The new Dutch Corporate Governance Code was published on December 9, 2003. During the Mittal Steel annual general meeting of shareholders held on May 5, 2004, the implications of the new Dutch Corporate Governance Code were discussed with its shareholders and certain proposed changes to Mittal Steel's Articles of Association to bring them in line with the requirements of the Dutch Corporate Governance Code were approved by the shareholders. The changes to Mittal Steel's Articles of Association lowered the number of votes required to overrule a binding nomination for the appointment of a member of Mittal Steel's Board of Directors made by the holders of Mittal Steel class B common shares from a majority of at least two thirds of votes cast representing more than half of the issued share capital of Mittal Steel to an absolute majority of votes cast representing at least one third of the issued share capital of Mittal Steel. In addition, Mittal Steel's Articles of Association now provide that a class A director can be appointed for a maximum term of four years and cannot be appointed indefinitely as was previously permitted. Accordingly, Mittal Steel is materially in line with the requirements of the provisions of the Dutch Corporate Governance Code, in accordance with the implementation provisions. However, Mittal Steel's annual general meeting of shareholders also approved that Mittal Steel will differ from the Dutch Corporate Governance Code with regard to the separation of the posts of Chairman and Chief Executive Officer. Mittal Steel's Chairman and Chief Executive Officer will continue to be Mr. Lakshmi N. Mittal.

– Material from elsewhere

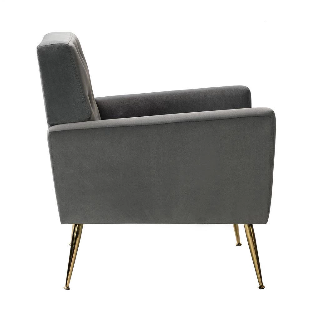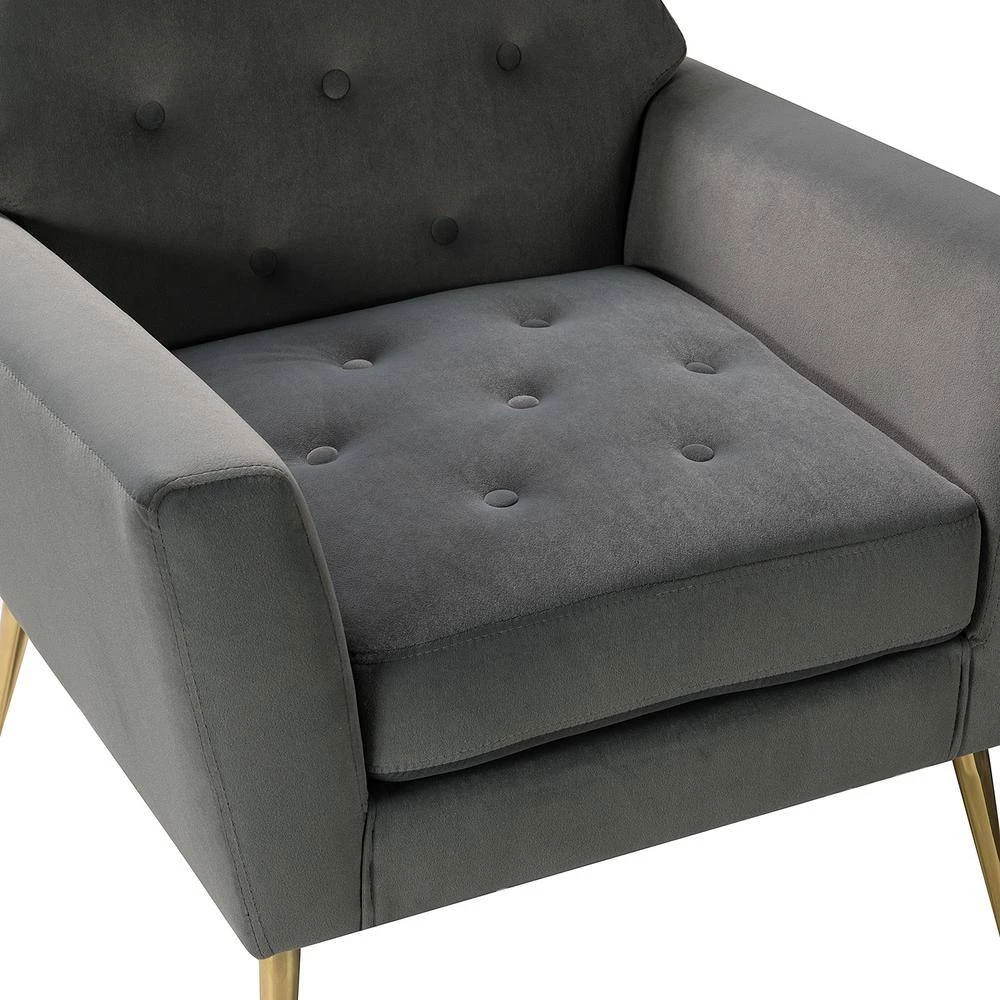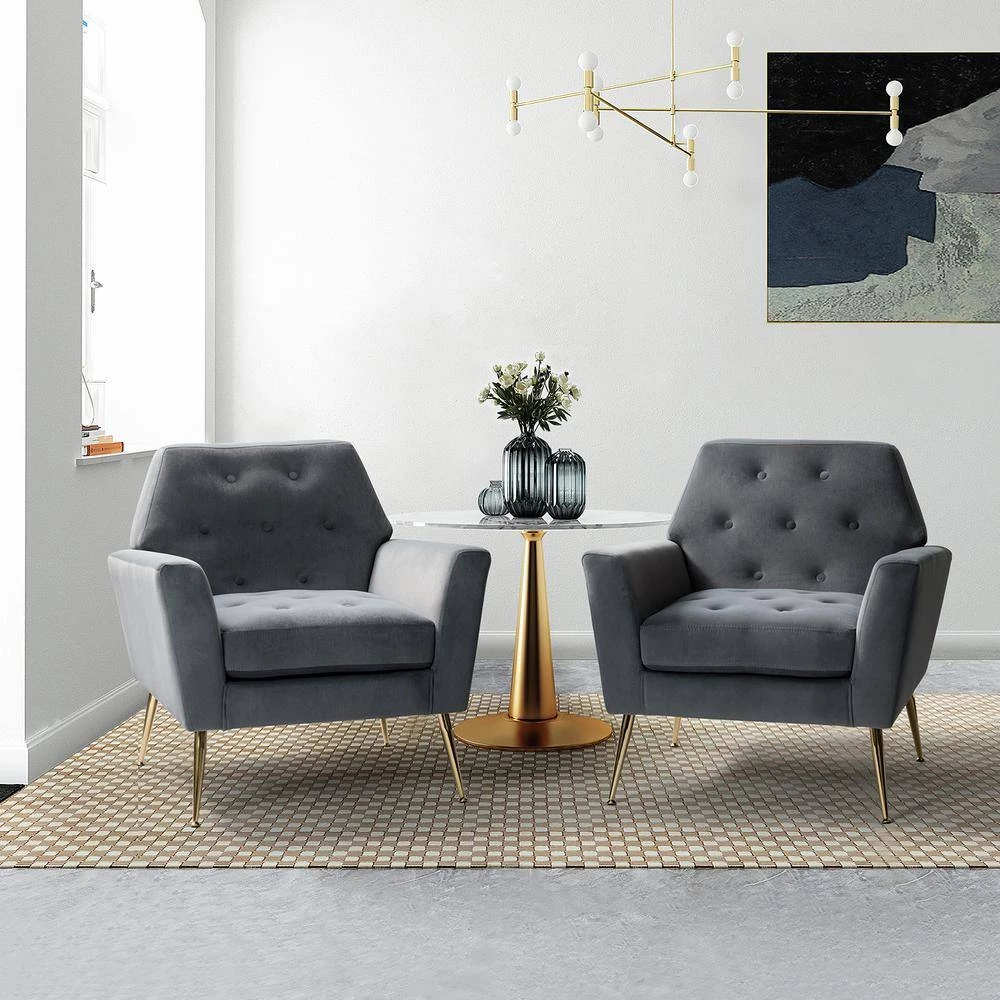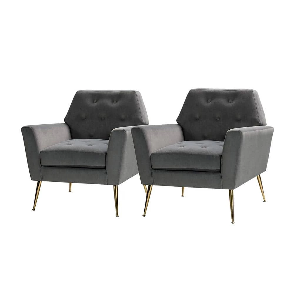 The perfect contemporary-look set to complete your home decor with its vivid color palettes, this attractive solid and manufactured wooden frame armchair set has it all: style, comfort, and durability. With slender polished golden metal legs and unique geometrical-shaped back design, this modern work of art boasts a charming sharp silhouette and showcases an approachable aesthetic while the button-tufted backrest and seatrest adds a touch of elegance to it. Built-in s-spring with medium-density foam filling are upholstered in a skin-touch friendly velvet fabric that gives you a sense of comfort and is suitable for all kinds of living room decoration. Incorporating the modern and classic style perfectly in a gentle appeal, this accent armchair set offers wonderful enjoyment as you curl up with a cup of chamomile or relax with your latest read. It’s the perfect pick for the living room, office room and bedroom.
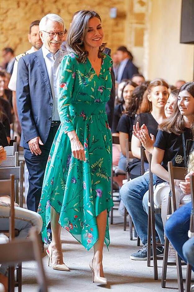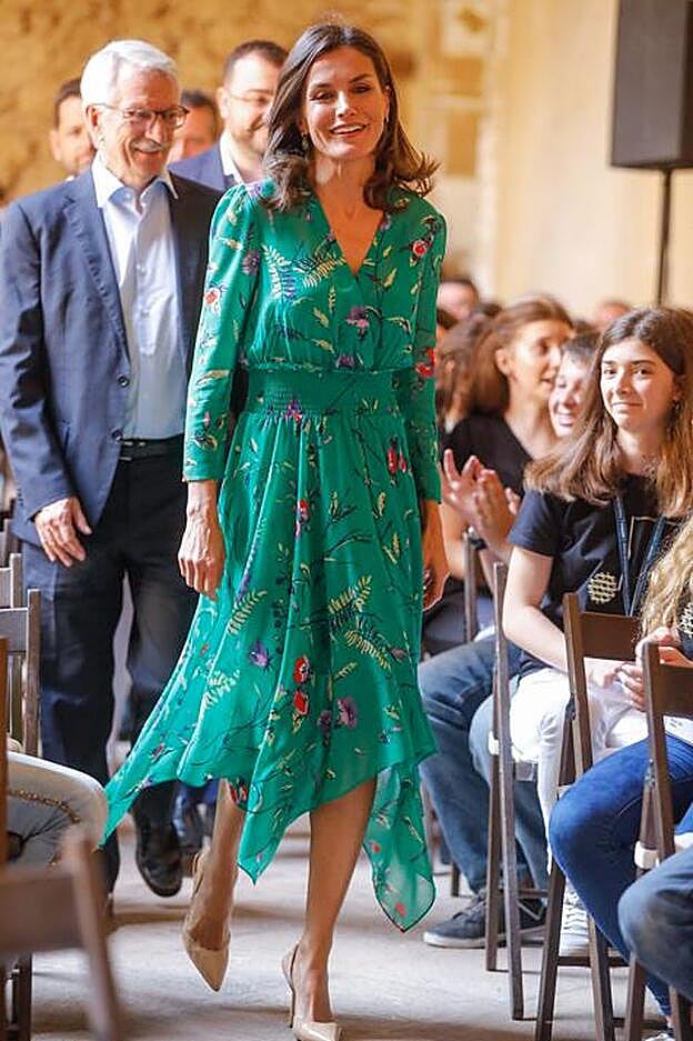 El nuevo vestido de la Reina, con manga tres cuartos, es perfecto para el clima del norte (a media mañana, en Oviedo, rondaban los 24 grados), su color verde hierba con estampado vegetal es súper favorecedor y, además, su elástico en la cintura sigue la línea de estilo que ha marcado doña Letizia esta temporada: presumir de silueta con sus vestidos de verano.

Role of Mittal Steel's Board of Directors and Management
Mittal Steel's business is conducted through operating subsidiaries, which are managed by their Boards of Directors and headed by the subsidiary's CEO/President. Mittal Steel's Board of Directors and the senior corporate management provide the oversight to enhance the value to the stakeholders.
Director Independence
As per the criteria laid down by Mittal Steel's Board of Directors, directors will be considered "independent" if they do not have a material relationship with Mittal Steel. Mittal Steel's Board of Directors currently consists of nine directors, of whom Messrs. Rene Lopez, Muni Krishna T. Reddy, Narayanan Vaghul, Ambassador Andres Rozental and Mr. Lewis Kaden are independent under Mittal Steel's independence criteria and the NYSE listing standards. These directors constitute a majority of Mittal Steel's board of directors and are also considered independent under the Dutch Corporate Governance Code.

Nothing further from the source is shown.